I note that he specifies "The soldiers of Petrograd". Can we take it that those at the front felt the same way?
Probably. I was surprised to learn that as late as the Constituent Assembly elections--i.e., *after* not only the disastrous summer offensive and the Kornilov affair but the October insurrection as well--the soldiers at the front were not unanimous in their preference for the Bolsheviks, even though they were the only party offering any real hope for peace. Rather, it depended on the front:
"The voting at the front and in the navy seems to have been determined by one circumstance alone — the extent to which Bolshevik agitation had been carried on among the rank and file. If the district were remote from the metropolitan centers, and specifically from the influence of the Petrograd Soviet and the Bolshevik party organization, the SR's carried the day, and the farther removed the district was, the greater their degree of success; but on the Northern and Western Fronts the old-line agrarian appeal of the PSR had been overbalanced by intensive propaganda in favor of immediate peace and immediate seizure of the estates, so that here the SR's sustained a crushing defeat and Lenin's party won a great victory.35 The contrast is seen in the accompanying tabulation.

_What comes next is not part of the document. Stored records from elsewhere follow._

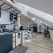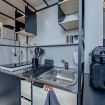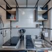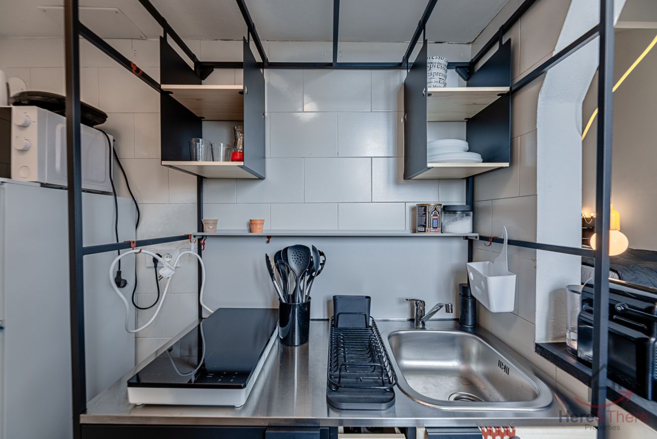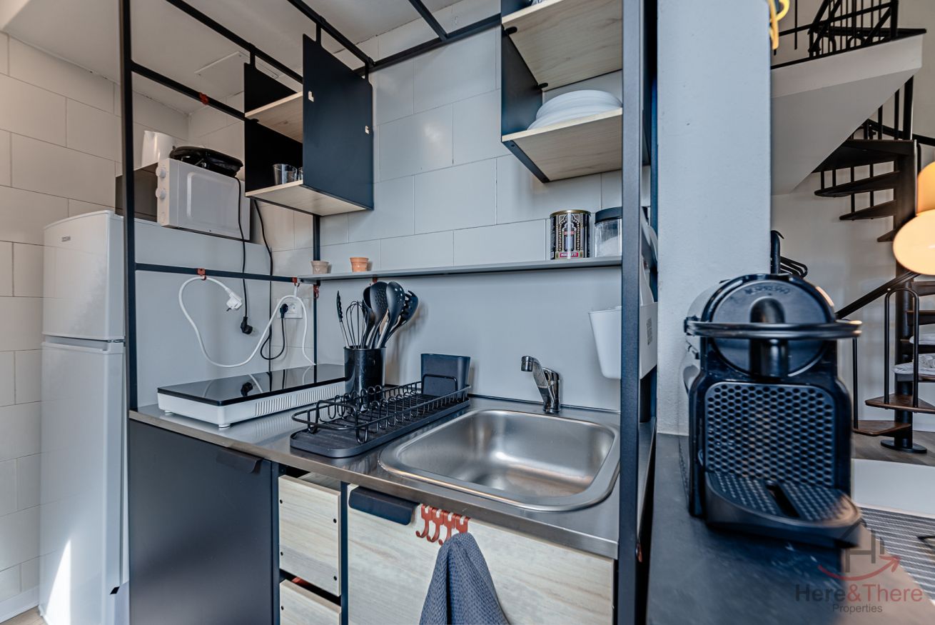 L'angolo cottura completamente attrezzato si integra armoniosamente nello spazio, con tutto il necessario per preparare i vostri pasti.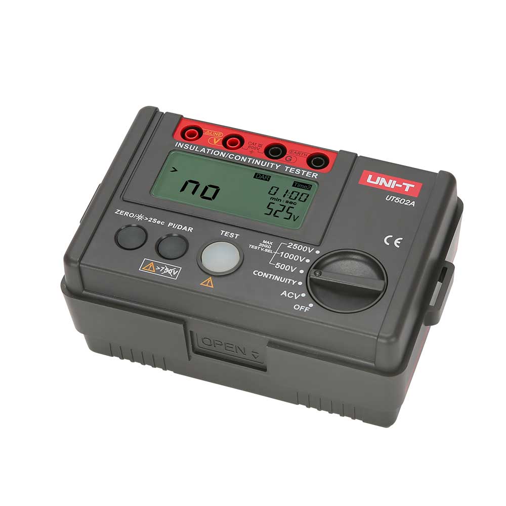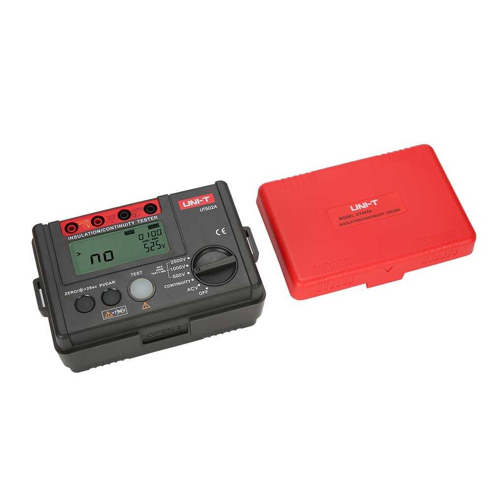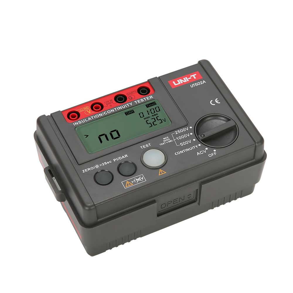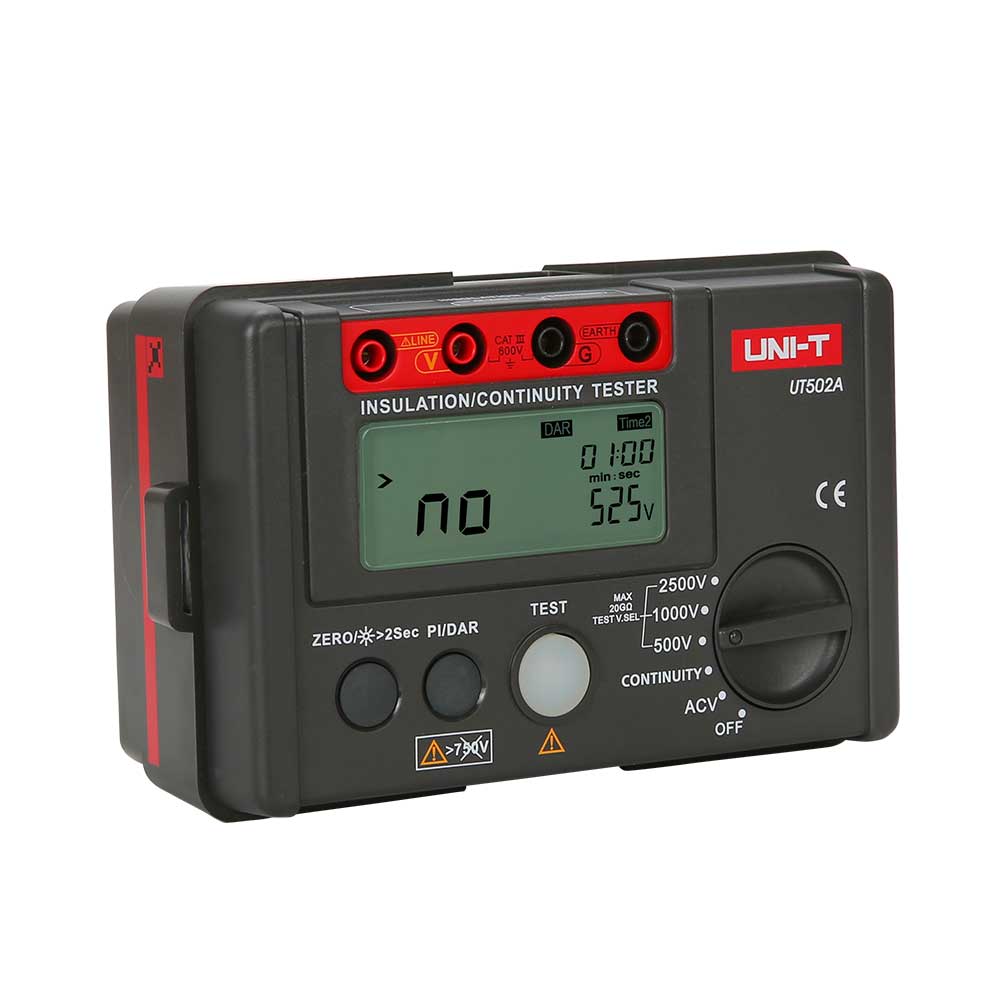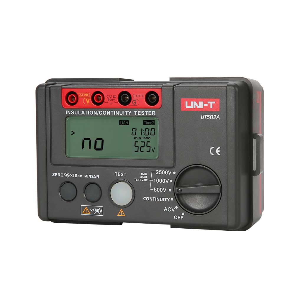 UT500 series insulation testers are used to measure the insulation resistance of electrical equipment and household appliances. This is done by measuring the insulation resistance between electrical circuits or between circuits and ground. UT500 series can measure insulation resistance, AC Voltage, low resistance, PI (Polarization Index) and DAR (Dielectric Absorption). These are dieal tools for ensuring transformers, genera-tors, high voltage motors, capacitors, cables, arresters and other electrical equipment that can oprate in a safe and accurate manner.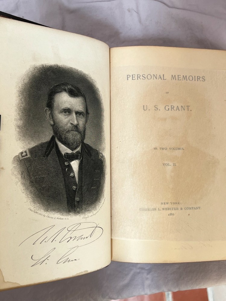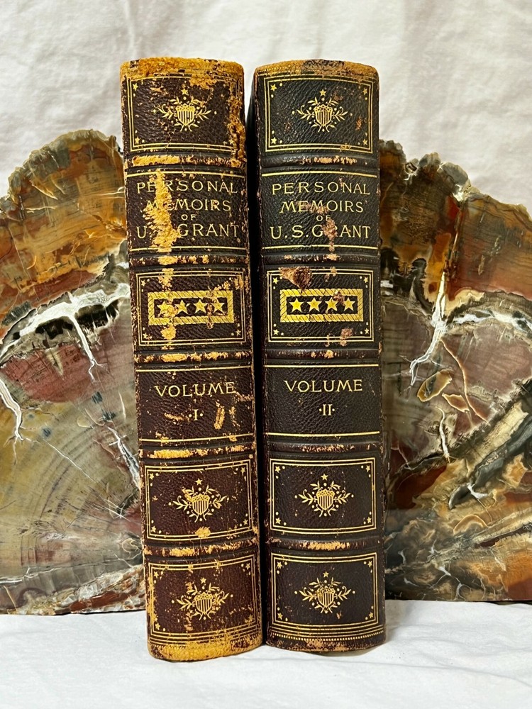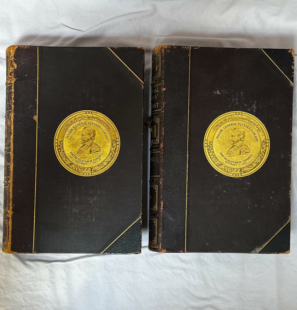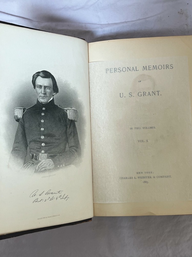 Personal Memoirs of U.S. Grant Volume I and II First Edition 1885 J.J. Little & Co press. Leather Hardbound cover with gold seals. Some damage and staining to back cover Volume II shown in pictures. Pages in excellent condition with no foxing or tears and tissue guard intact. Sold As Is and as a set.

Western Front Roumanian Front
SR 180,582 679,471
Bolshevik 653,430 167,000
Constitutional Democrat 16,750 21,438
Menshevik 8,000 33,858
Ukrainian Socialist Bloc 85,062 180,576
Residue 32,176 46,257
Total 976,000 1,128,600
The observer can only wonder whether the Roumanian Front would have differed from the Western had it not been more insulated against the Bolshevik contagion. Certainly the facts point in that direction. Between the two fronts lay the Southwestern, and here the SR's were already stronger than their rivals, though only by a ratio of 4:3. On the other hand, the Caucasian Front was even more remote than the Roumanian, and it was precisely here that the SR's displayed their greatest strength, electing five deputies against one for the Bolsheviks on the basis of incomplete returns. The explanation of their success is simple: the SR leadership of the soldiers' soviets, strongly in favor of national defense, had used its authority to throttle Bolshevik agitation on the front, even denying to that party representation on electoral information committees, and had gotten away with its one-sided policy because of remoteness from the hearth of revolution. Thus the strength of Bolshevism steadily wanes as the influence of the metropolitan centers recedes. Not only the SR's but also the Mensheviks were helped by distance: thus on the Western Front Menshevism was already virtually extinct by the time of the election, whereas on the Roumanian Front it still retained a following, albeit a modest one. The figures presented above show that Constitutional Democracy had no appeal for the rank and file of the troops--few besides the officers could have chosen its list. On the other hand, the figures reveal that the Ukrainian movement had achieved a not inconsiderable following at the front, where leaders like Simon Petliura, deputy from the Roumanian Front, bore the standard ostensibly of Ukrainian socialism, but actually of Ukrainian nationalism." Oliver H. Radkey, *Russia Goes to the Polls: The Election to the All-Russian Constituent Assembly, 1917,* pp.38-39
If as late as November 1917 ''defensist" parties could still get majorities on the Southwestern, Romanian, and Caucasian fronts, one has to assume they had overwhelming support there in March. The Northern and Western Fronts are therefore the key, but it is unlikely that they would turn against the war until the garrisons and soviets in places like Petrograd became radicalized and centers of anti-war and pro-Bolshevik agitation which were then transmitted to the fronts.